YTTRIUM


39 YTTRIUM Y (Ytterby, a town in Sweden)

A soft, silvery white metallic element usually classed with the rare earths because if it chemical resemblance to them. It is stable in air due to the formation of a thin oxide layer, but reacts with water to produce hydrogen gas and the sesquioxide, Y2O3. Burns readily in air if heated to 400 Celsius.

Small amounts of yttrium can be added to chromium, molybdenum, zirconium or titanium to reduce the grain size of the metals, and to aluminium or magnesium alloys to increase their strength. It is used as a deoxidiser for vanadium and other non-ferrous metals.
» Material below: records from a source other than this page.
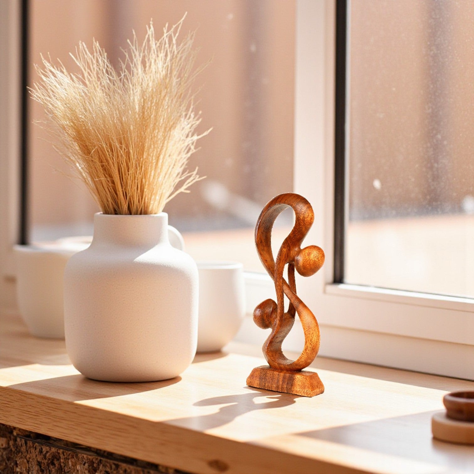 12" Wooden Handmade Abstract Sculpture Statue Handcrafted "Hold Me Tight" Gift Decorative Home Decor Figurine Accent Decoration Artwork Hand Carved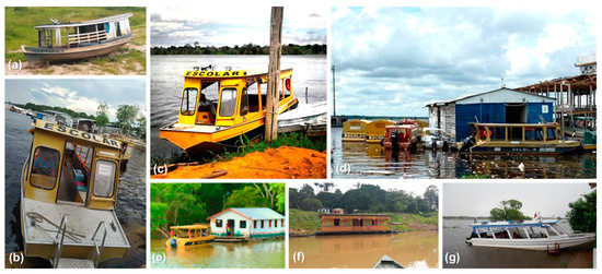 School transport in the state of Amazonas, Brazil. (a) An old boat used to transport children to school about ten years ago (Kleyphide Pereira da Silva 2020). (b) Front view of an Amazon school boat promoted by the government in Manaus, Amazonas (Luiz Henrique Moreira Sousa 2020). (c) Profile view of the Amazon school boat in Itacoatiara, Amazonas (Fernando V. Dias Balieiro 2013). (d) School boat station in the port of Manaus, Amazonas (Harlysson Maia and Francisco Xavier de Carvalho Neto 2020). (e) A school boat performing its daily activities in a remote community on the Amazon (modified from [57]). (f) A typical school in the municipality of Tapauá, Amazonas (Fernando V. Dias Balieiro 2013). (g) A typical boat used for transporting people between remote communities in the state (Fernando V. Dias Balieiro 2013).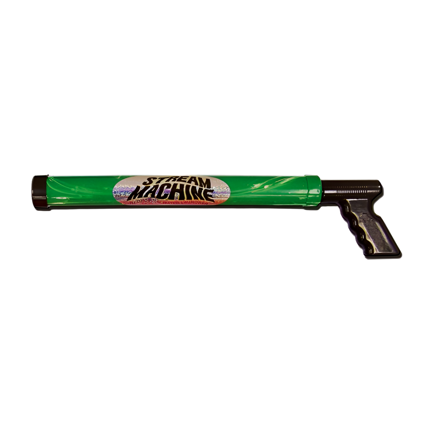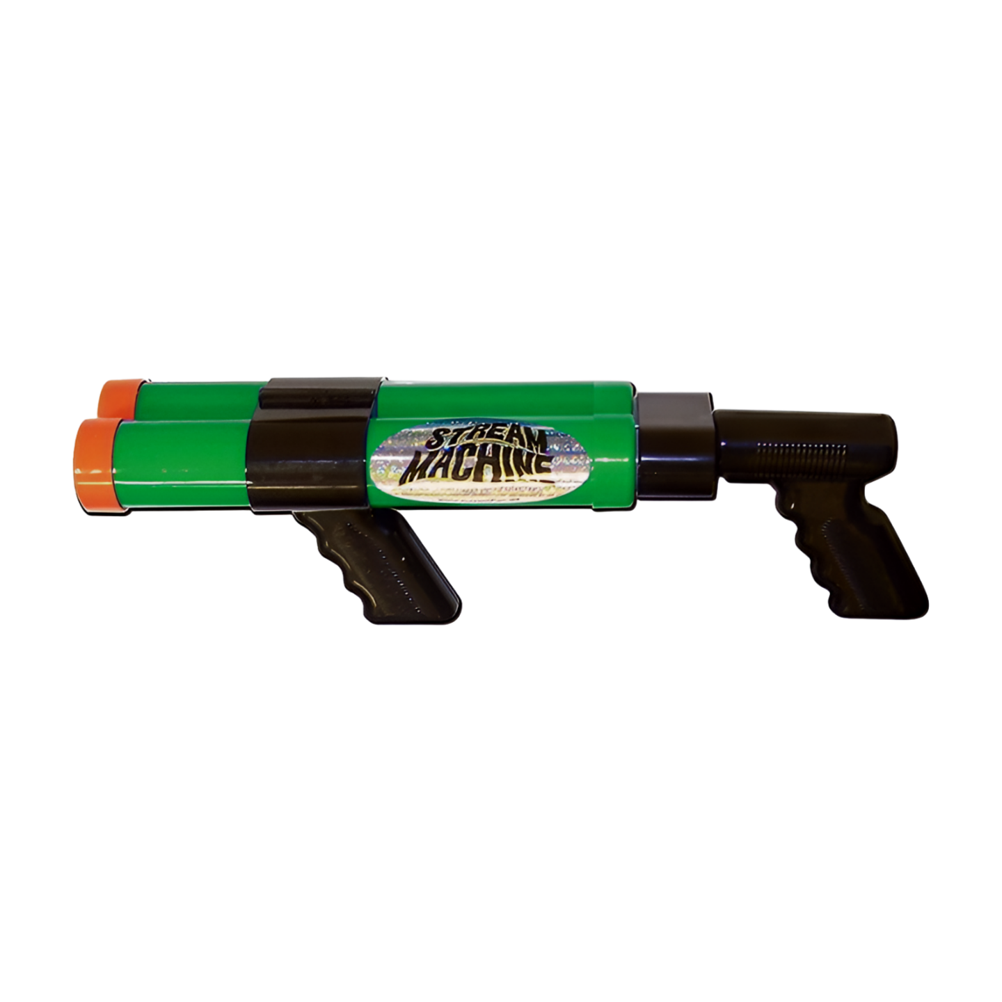 Get a grip and get wet with the Stream Machine. It's the ultimate water shooter able to shoot up to 70 feet! Each Stream Machine is made from high quality polymers. The colors are impregnated and will not chip or peel off. The Double Barrel shoots twice as much water in a single shot, up to 50 ft. The 750 is now lighted.
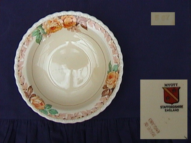 <p></font></h1><center><h3>This very old bowl, has the "Myott" emblem on bottom with "Staffordshire England" and "made in England" "567" and a little squiggle like a "3". There is light rubbing on the flowers and a couple of scratches in the middle. Has a scolloped edge. Cream in color. 8" diameter and 1.5" high. For any questions on this great little collector's piece and on shipping please email before bidding.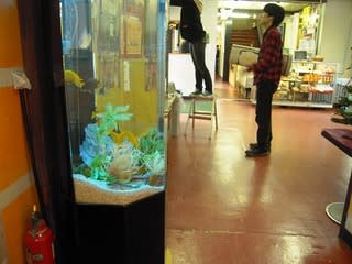 ポスターの貼り替え中。熱帯魚がゆらゆら。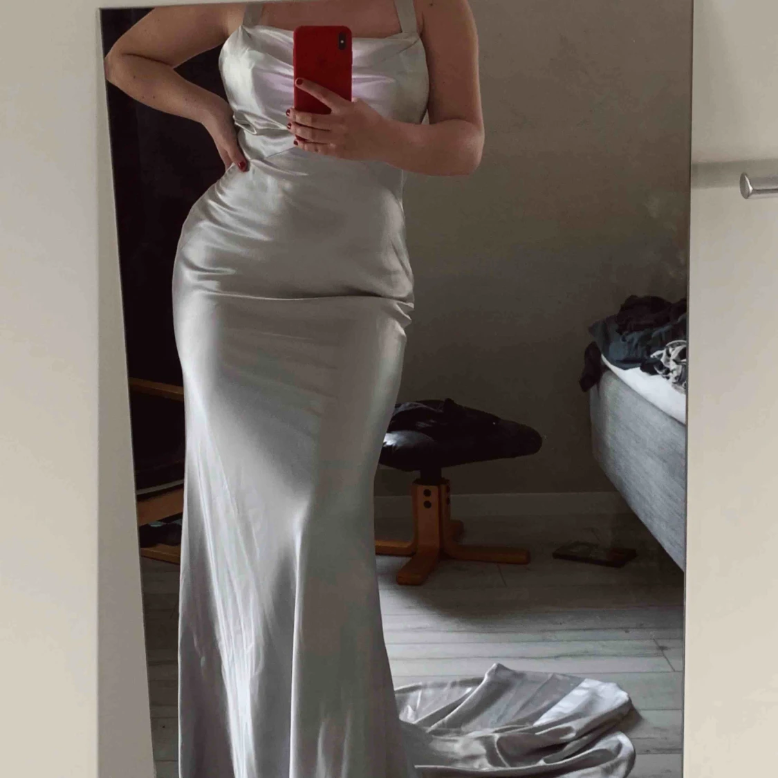 Silvrig balklänning med släp, aldrig använd. Ca M/L lite oklart då det inte står någon storlek i klänningen. Köpt för 1700 kr på Lizandliz.com. Frakt på 58 kr tillkommer.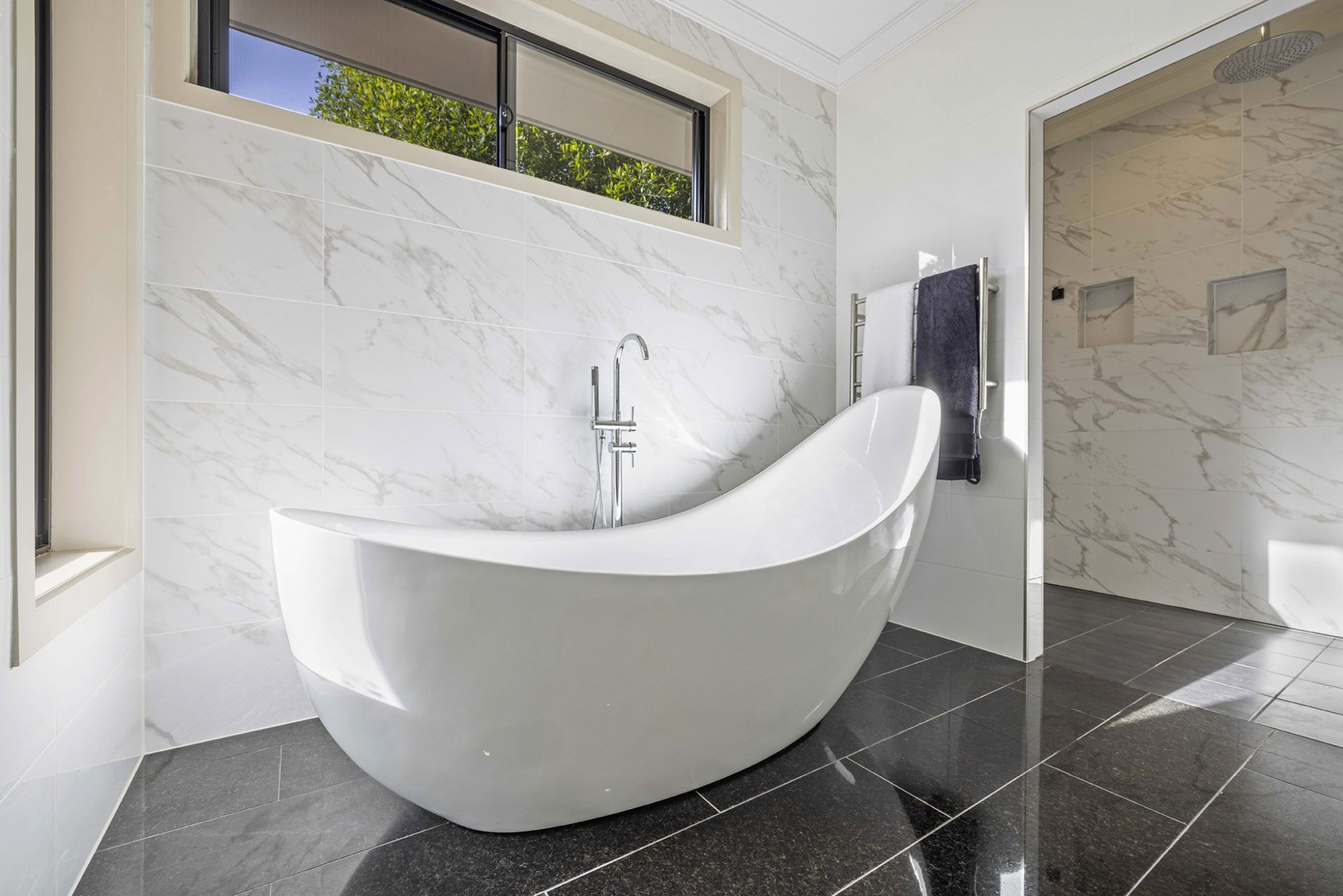 Each bedroom is a carpeted sanctuary for deep rest and enjoyment with built-in robes. The rockstar master bedroom facing the reserve is large, well-lit and made all the more epic with it's sensationally generous walk-in robe and superbly appointed ensuite bathroom with double shower-rose.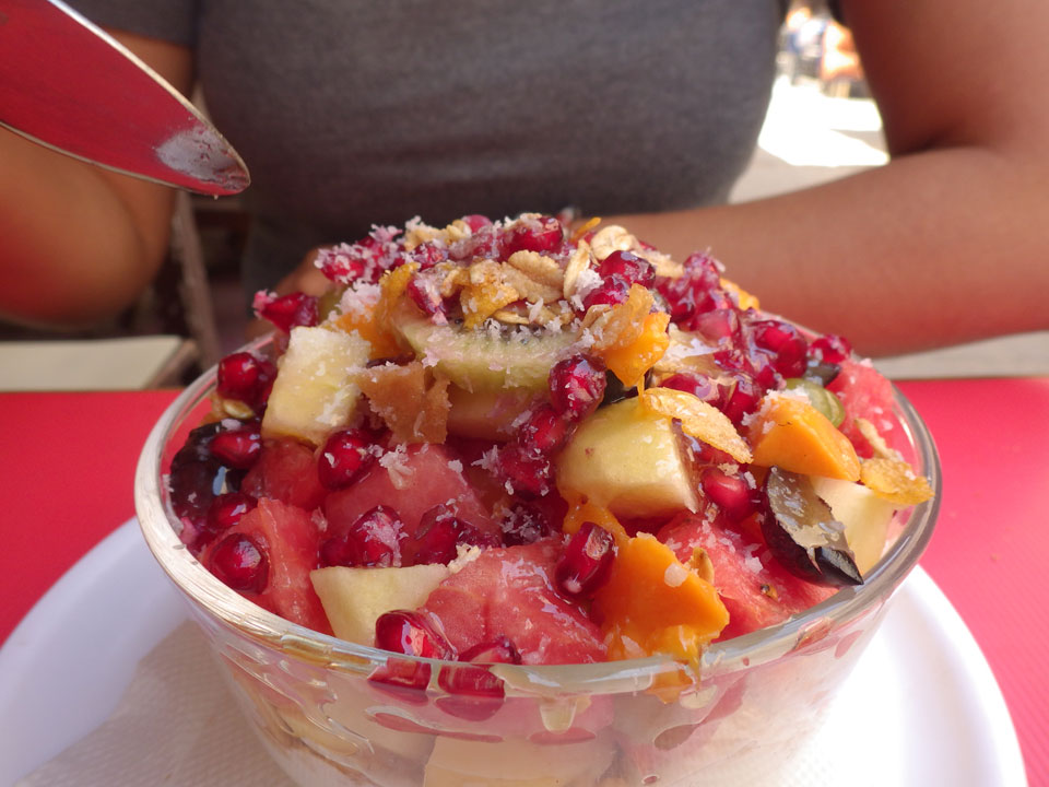 Wider Erwarten genügten die zwei Nächte In Pushkar. Wir konnten das Gepäck im Zimmer lassen und gingen im Funky Monkey Frühstücken. Alles gut, besonders der Obstsalat da.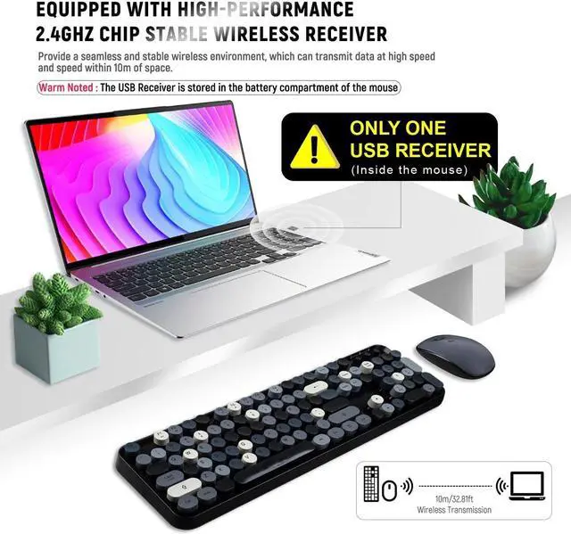 Reliable 2.4GH z Wireless ConnectionEnjoy the freedom of a wireless keyboard and mouse combo with a range of up to 33 feet. A Nano USB receiver (stored inside the mouse) connects both keyboard and mouse instantly. Plug-and-play simplicity with no software or lag issues. The black bubble wireless keyboard and mouse can also be used independently.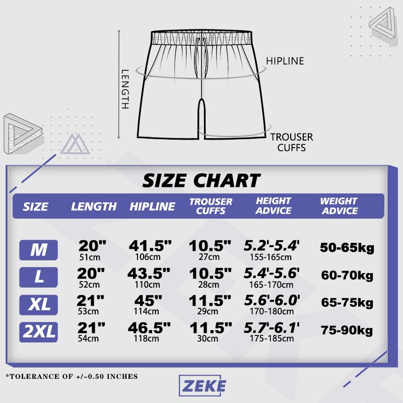 – 2XL: Length 21” / Hipline 46.5” / Trouser Cuffs 12” (Recommended 75–90kg, 175–185cm)

Yttrium is used in X-ray filters, and in superconductors and superalloy, a high temperature alloy based on iron, chromium, cobalt, manganese and or nickel, which can withstand temperatures up to 1000 Celsius. YAG crystals, yttrium aluminium garnet, Y3Al5O12, are used as microwave amplifiers (masers) and because it it is very hard (hardness 8.5) as a simulated diamond in jewellery, as is GGG, a gadolinium gallium garnet. YIG, yttrium iron garnet, Y3Fe5O12, is used as an exceptionally efficient ultrasonic transmitter and receiver. A yttrium gadolinium garnet is also used. Yttrium garnets have interesting ferroelectric and magnetic properties. A mixture of yttrium vanadate, YVO4 and europium; or a mixture of yttrium oxide, Y2O3 and europium is used as a red light emitting phosphor in colour television screens.

Yttrium has a valency of 3 only. Thus YF3, Y(CO3)3 and other compounds are able to form.

Yttrium is recovered commercially from monazite sand, (Ce,La,Nd,Th)PO4 which can be metamict (altered by irradiation) if it contains thorium, and which contains about 3% yttrium mixed up with other rare earths; and also from bastnasite which contains about 0.2% yttrium. Gadolinite, Be2FeY2Si2O10, is also an ore of yttrium and other rare earths. Yttrium occurs in the blue-violet earthy mineral yttrocerite, a cerium ore, consisting essentially of cerium fluoride and also in the orthorhombic mineral yttrotantallite, consisting of yttrium and tantalum, though niobium, cerium, uranium, iron or calcium can also be present in varying amounts. Xenotime is a yttrium phosphate, YPO4. Moon rocks have a relatively high yttrium content. Yttrium metal is now made by reduction of yttrium fluoride with calcium metal.

Yttrium exists as just one stable isotope, yttrium-89. A further 22 radioactive isotopes are known, ranging from the positron emitting Y-80 to the electron emitting Y-102. Yttrium-89 has a low cross section for nuclear capture. Yttrium-9, a beta emitting radioactive isotope, is now to be found on Earth, existing in secular equilibrium with strontium-90, its source, which is a product of nuclear fallout from atmospheric testing of nuclear weapons and accidental discharges from nuclear power stations.

Claim to fame: At 1 millibarn, Yttrium has the lowest thermal neutron capture cross sectional area for a solid element.